Though largely Euro-centric, it impacted the world’s stage at large, as the history and culture of “food” waved through with its paradoxes. A fascinating peep into it came at a recent Indo-German encounter in a little known corner of Tamil Nadu, at St. Xavier’s college (Auto­nomous) in Palayamkottai, Tirunelveli, once hailed as the “Oxford of the South”.

Even subalterns may stagger at over 300 years of “food history” in western Europe, particularly in countries like France, Britain and Germany.

“You know, until 1850 large sections of the population were feeding mainly on potatoes, ” Dr Detlef Briesen, Professor of History and Cultural Studies at the
Justus-Liebeg-University Giessen, Germ­any, startlingly posed.  Incredible, but substantially true! After nearly three centuries of “prosperous living” in western Europe, mainly in the German-speaking countries, between the 14th and 17th centuries, Europe went through a period of  “food crisis” in the pre-modern period, Dr Briesen drove home.

Outbreak of famines

The perpetual European wars, a big climate change caused by the “little ice age”, periodic outbreak of famines and agriculture stagnation cumulatively led to what he termed a “hunger crisis”, often resulting in undernourishment or even plain starvation. This was a powerful motivation for Europeans to “get
aggressive to conquer other parts of the world.”

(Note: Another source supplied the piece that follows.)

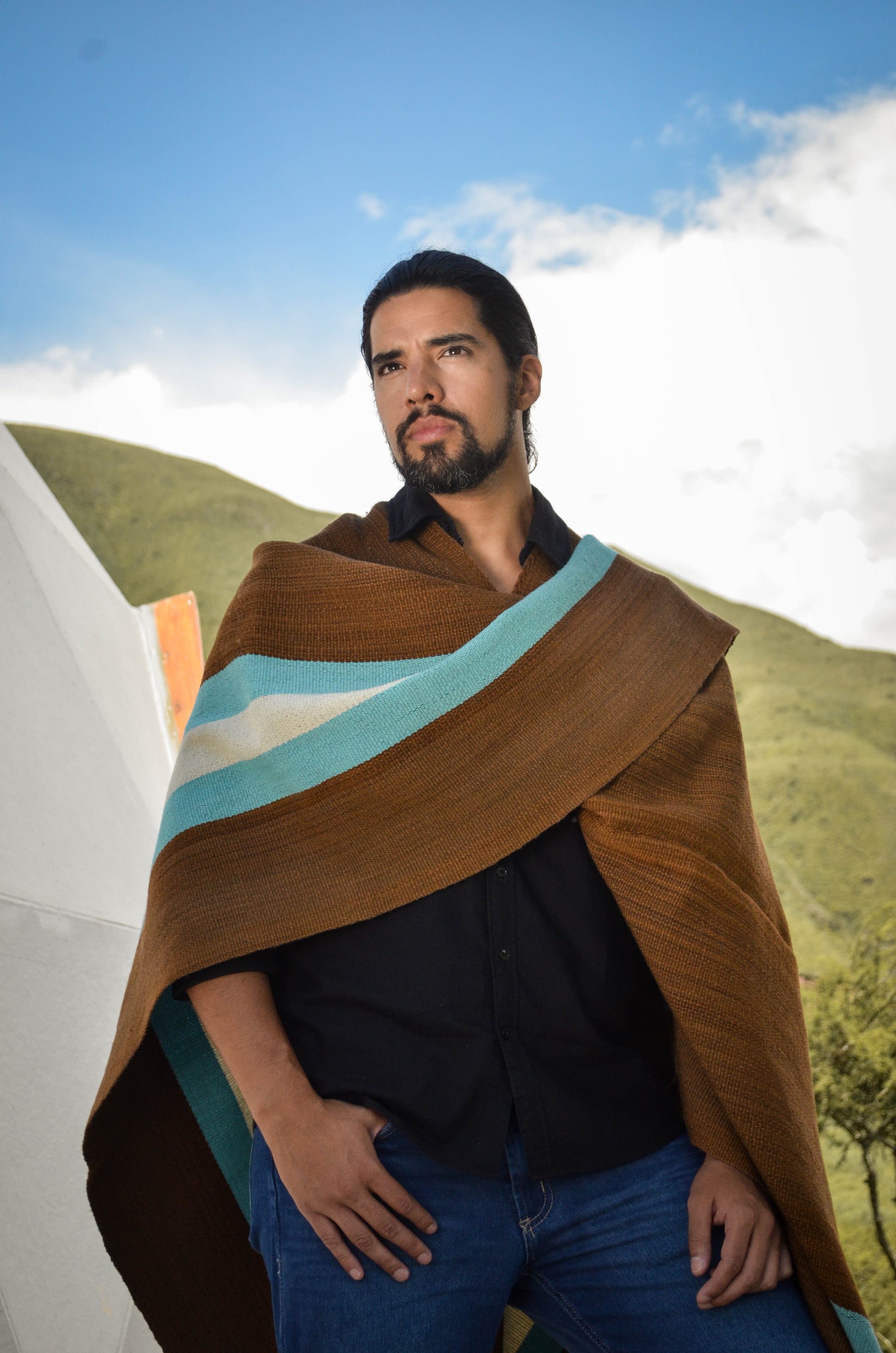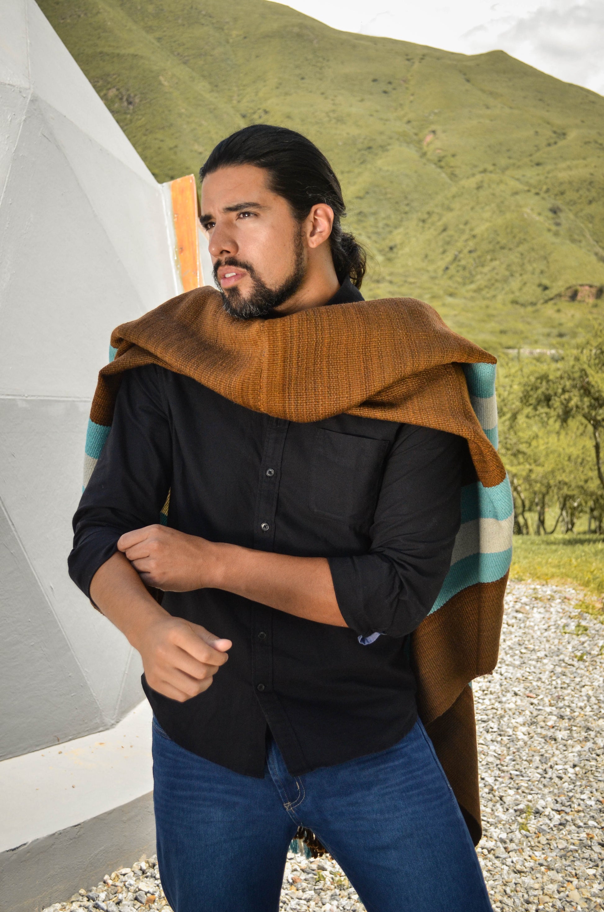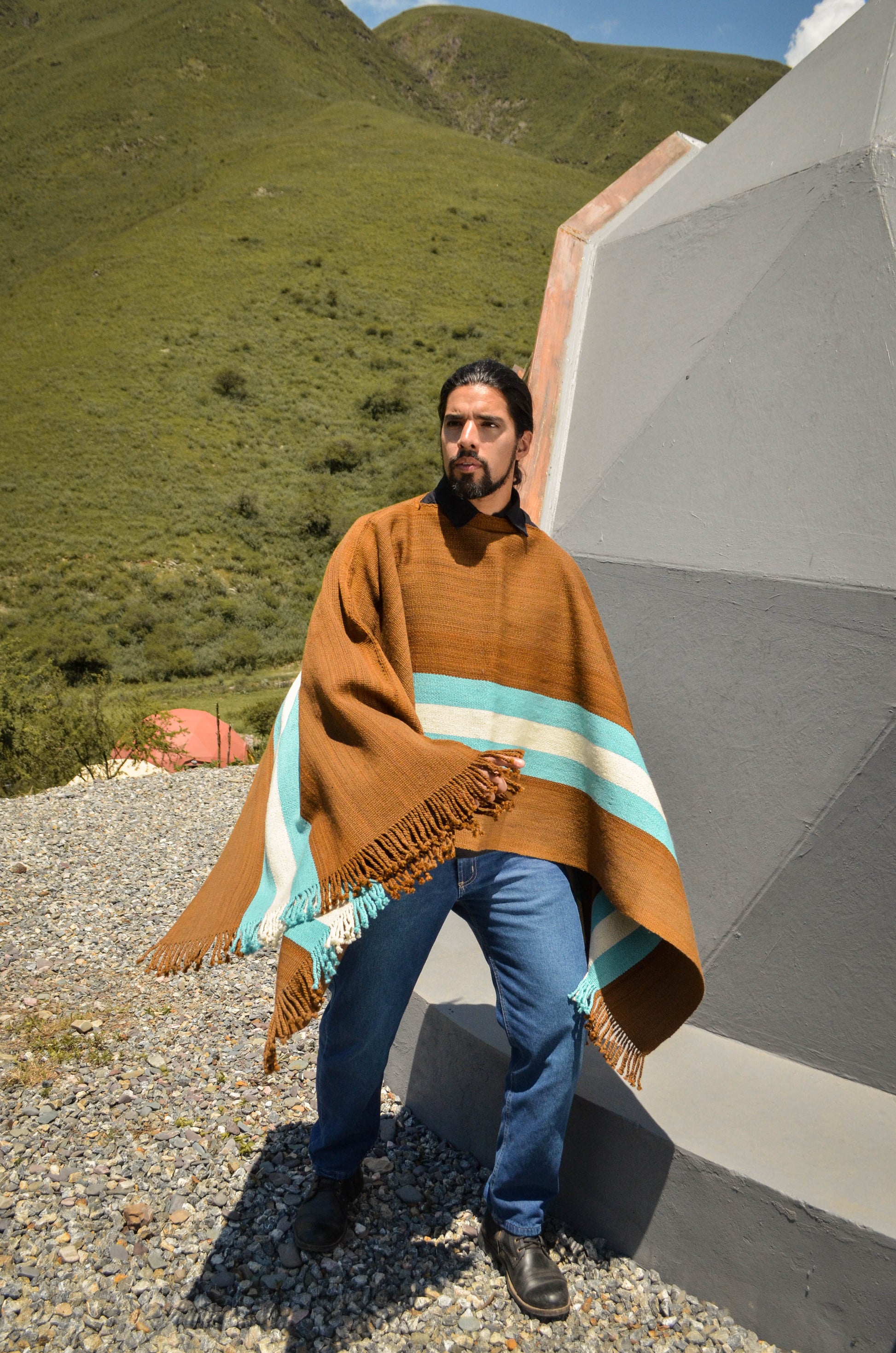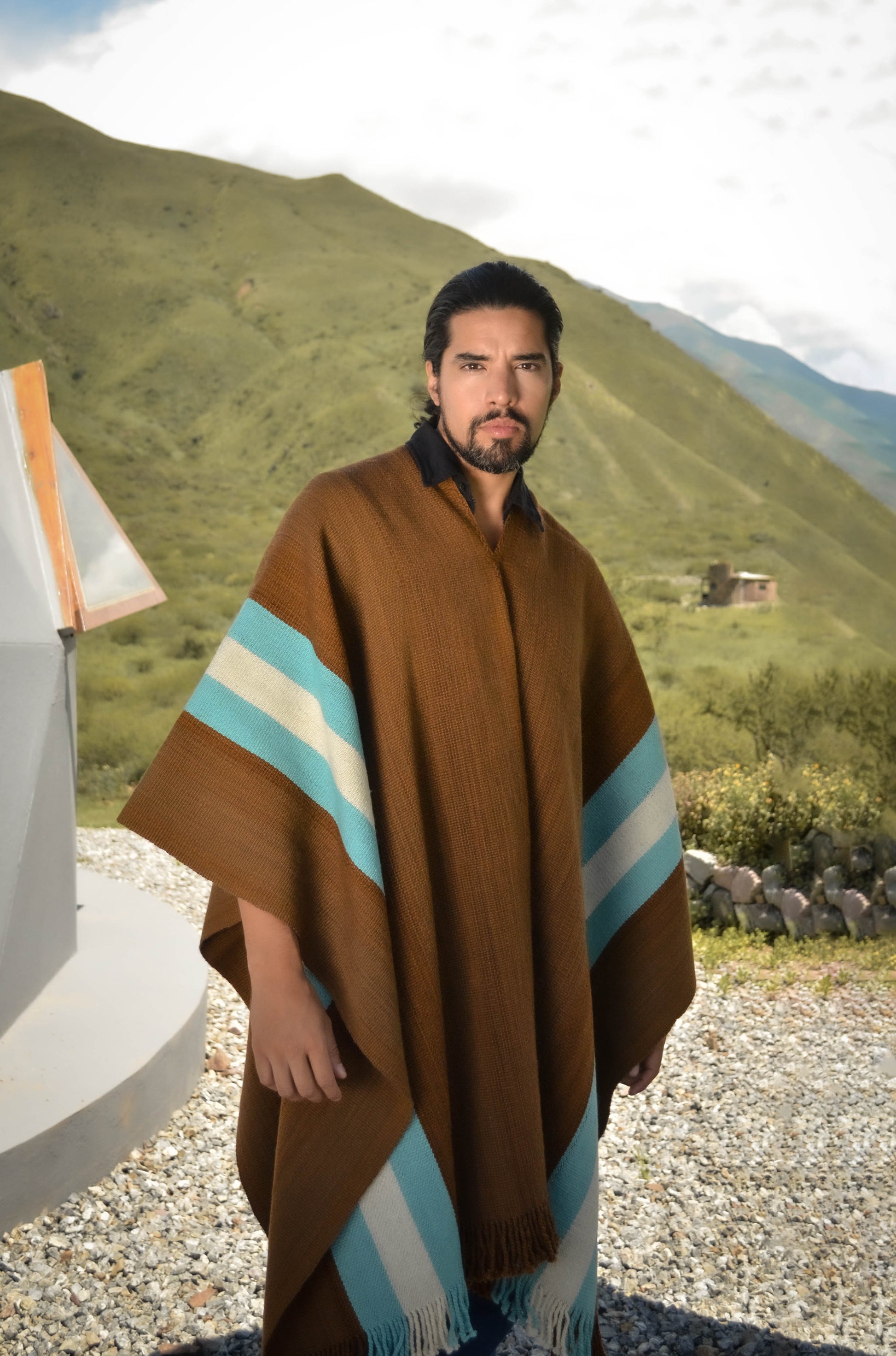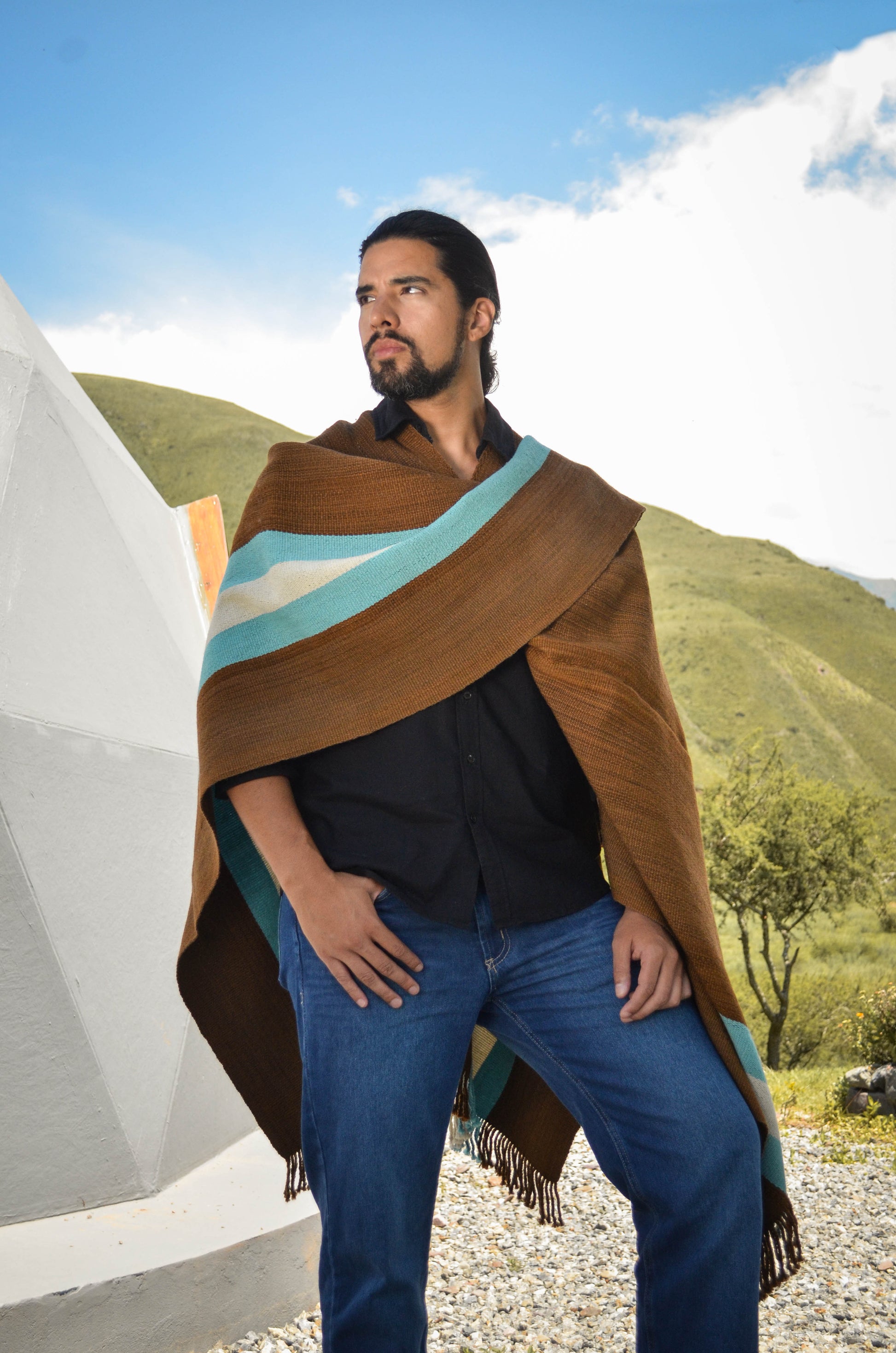 El poncho es una pieza única tejido artesanalmente en telar criollo, de alta densidad de trama cerrada y liviana en dos paños color Chocolate natural

For more than 150 years’ “standards of mass nutrition decreased constantly”, when 60 per cent of the European population simply struggled for survival,
nothing more, he noted. However, since the 17th century, as European powers set up colonies in other parts of the world, new products began arriving in Europe, which had been “developed abroad to serve the needy European consumers there”.

The foundations for a new food cycle were, ironically, laid outside Europe. Potatoes, for instance, originated from South America, liquor in large quantities was first distilled in the English colonies in North America, refined sugar imported from the Dutch, French and later English colonies, coffee initially from Mauritius and Sri Lanka and others.

“The demand for colonial commodities and the nutrition crisis modified European, including German, agriculture and led to the production of sugar beet, potato, and chicory. This production had a deep impact on agriculture and induced an often underestimated technological revolution in agriculture,” contended
Dr Briesen, also a visiting Professor at JNU, Delhi.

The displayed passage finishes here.